Millions of Olive Ridley turtles crawl towards sea along Odisha coast

Forest department and green activists believe that record numbers of hatchlings might have emerged, made their way to sea

April 22, 2023 02:21 am | Updated 06:57 pm IST - BHUBANESWAR

Baby turtles crawl to enter into the Bay of Bengal Sea at the Rushikulya river mouth beach at Podampeta in Odisha.

Baby turtles crawl to enter into the Bay of Bengal Sea at the Rushikulya river mouth beach at Podampeta in Odisha. | Photo Credit: BISWARANJAN ROUT

Millions of baby Olive Ridley sea turtles crawled towards the Bay of Bengal after emerging from eggshells along Odisha’s Rushikulyabeach in Ganjam district, recording one of the most successful mass nesting and hatchings in past few decades.

This year, the Rushikulya beach has hosted 6.37 lakh turtles — highest ever congregation — due to favourable weather conditions from February 23 to March 3. Usually mass nesting takes place for three to four days. However, turtles had come to lay their eggs over a period of nine days this year. After laying eggs, they had disappeared into the sea.

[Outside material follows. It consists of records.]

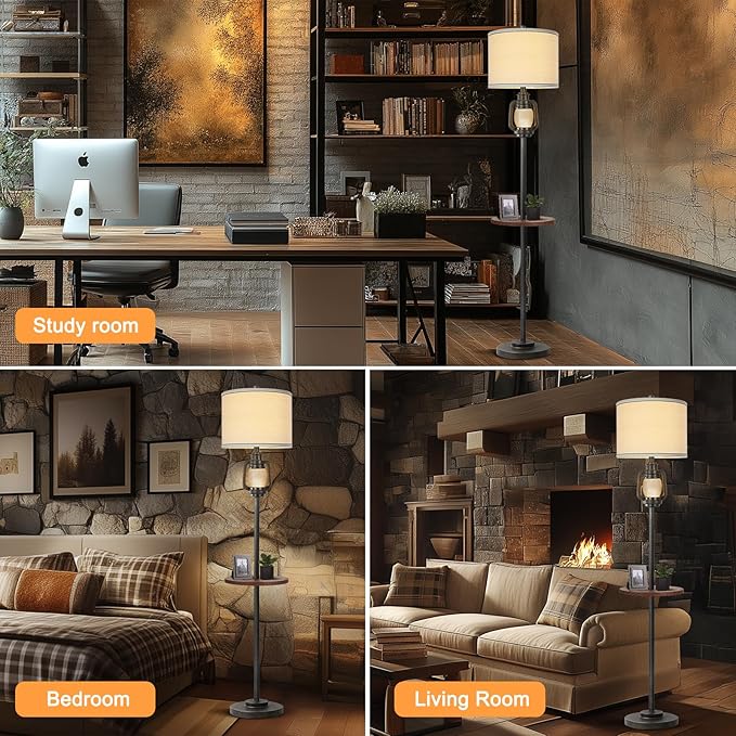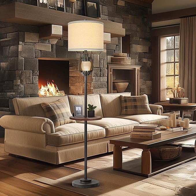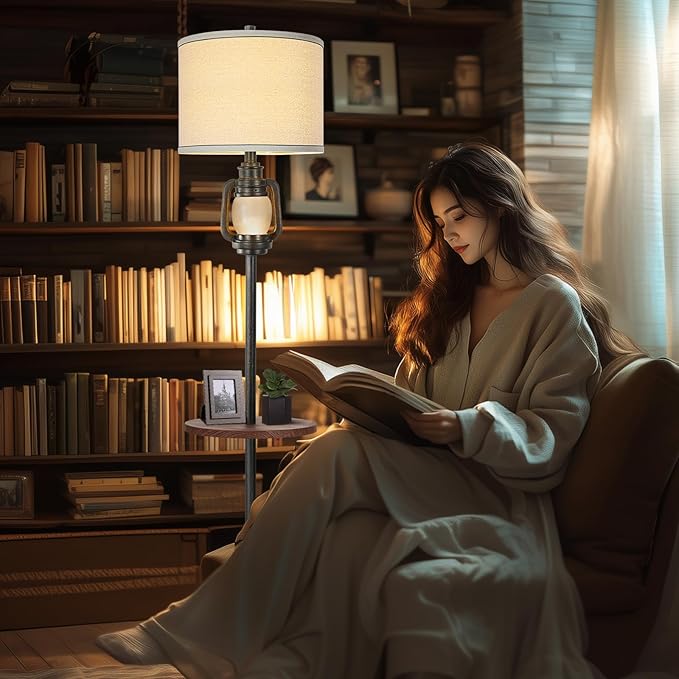 - FLOOR LAMP WITH TRAY: This farmhouse floor lamp comes in with a metal tray and you can use it as a table by your couch or put it by your bed as a nightstand. The tray is sturdy and fixed which allows you to put your phones, cups or any other thing safely.
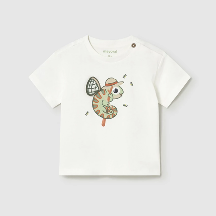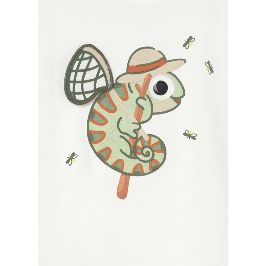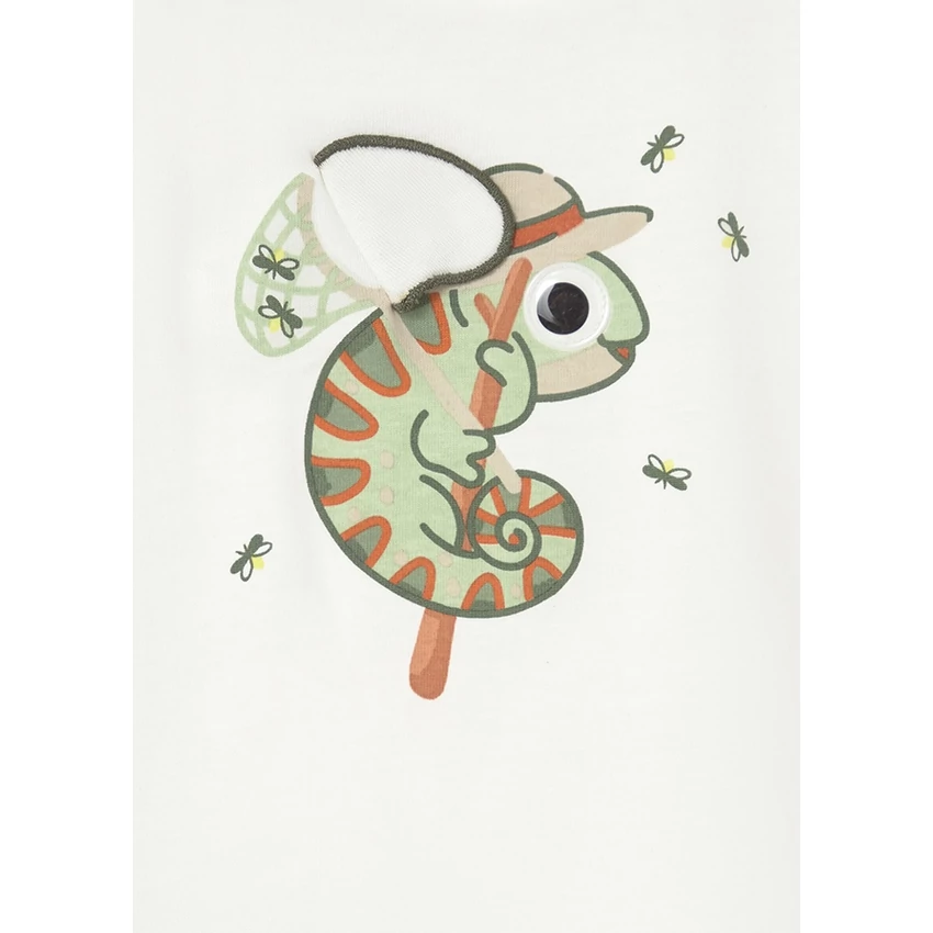 Mayoral kaméleon mintás rövid ujjú felső cuki kihajtható füllel, puha pamutból készült, vállán patentokkal nyitható. 2026 NYÁR
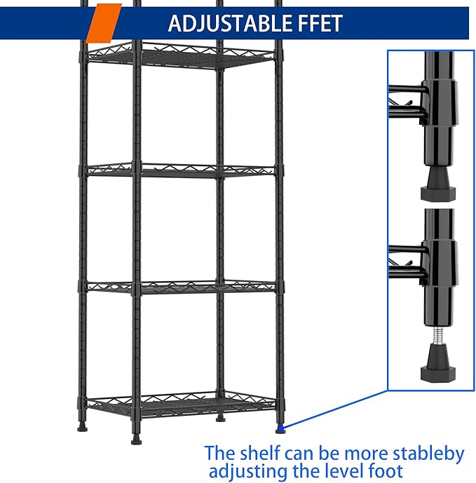 - The shelf is specially coated for protecting it from any water, rust or corrosion. Not worry to place the shelving unit in your kitchen or bathroom, easy to wipe down clean
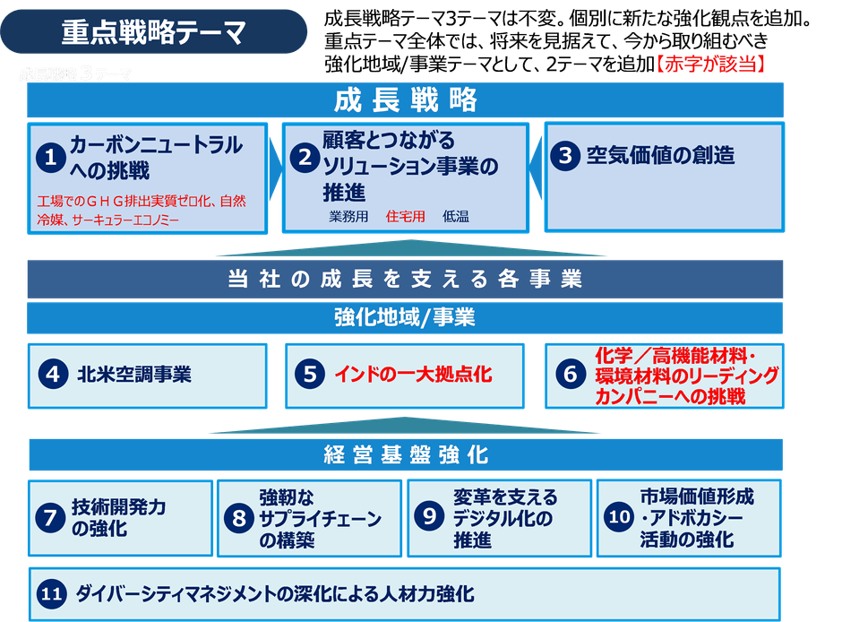 また、重点戦略テーマとして「カーボンニュートラルへの挑戦」や「顧客とつながるソリューションの強化」、「空気価値の創造」「北米での空調事業拡大」など当初から掲げる9テーマに、「インドの一大拠点化」など新たに2テーマを加えました。これらの重点戦略テーマを深掘りし実行していくため、研究開発や生産能力の増強など、今後3年で約1兆2,000億円の投資を行い、時代の変化に対応しより大きく事業を拡大させる計画です。
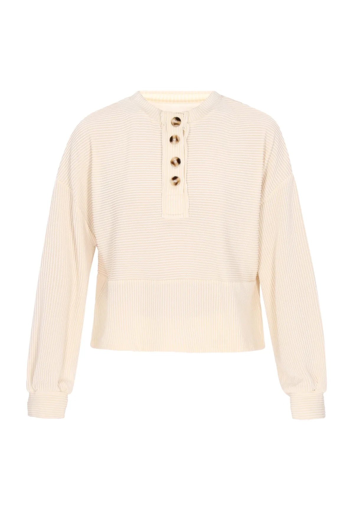 Design: Gevoerde zoom/rand, Overcut schouder; Type sluiting: Knoopsluiting; Materiaal: Sweatstof; Halstype: Henley hals; Motief: Gestreept; Extra's: All-over patroon; Pasvorm: Losse pasvorm; Armlengte: Lange mouw; Lengte: Normale lengte
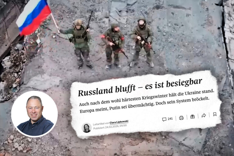 «Russland blufft – es ist besiegbar», schreibt der Tages-Anzeiger aus Zürich in einem Leitartikel. Verfasst hat ihn die deutsche Journalistin Clara Lipkowski, die für T-online und die Süddeutsche Zeitung tätig war. Noch immer hängt sie der fatalen und völlig realitätsfremden Siegstrategie an, die vorgaukelt, die Atommacht Russland könne im Ukraine-Krieg besiegt werden.
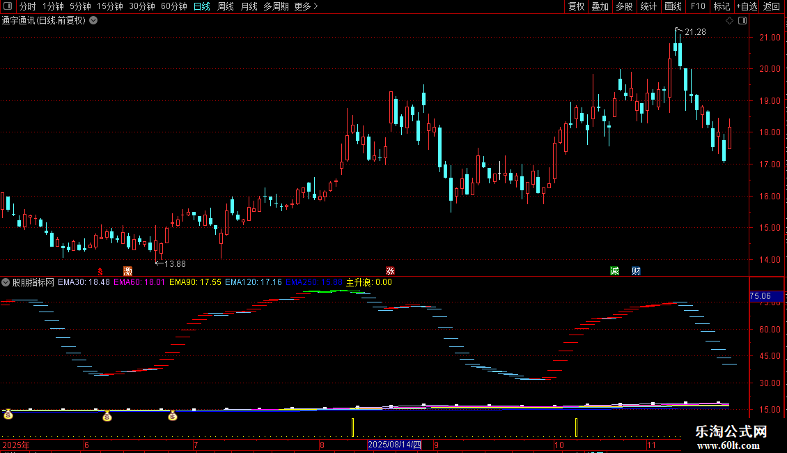 G3:=EMA120-EMA60<220/1000 AND EMA120-EMA90<320/1000 AND EMA120-EMA250<420/1000;

After 50 days, baby turtles have emerged from eggs themselves, without mother turtles and started their journey towards unknown destination using vast sea water route.

“This year, mass nesting and hatching have been smooth. There was no adverse weather condition that could have hampered the nesting and hatching processes. On part of the forest department, we have provided best possible protection for turtles to lay eggs and prevent damage of eggs during their incubation period,” said Sunny Khokkar, Berhampur Divisional Forest Officer.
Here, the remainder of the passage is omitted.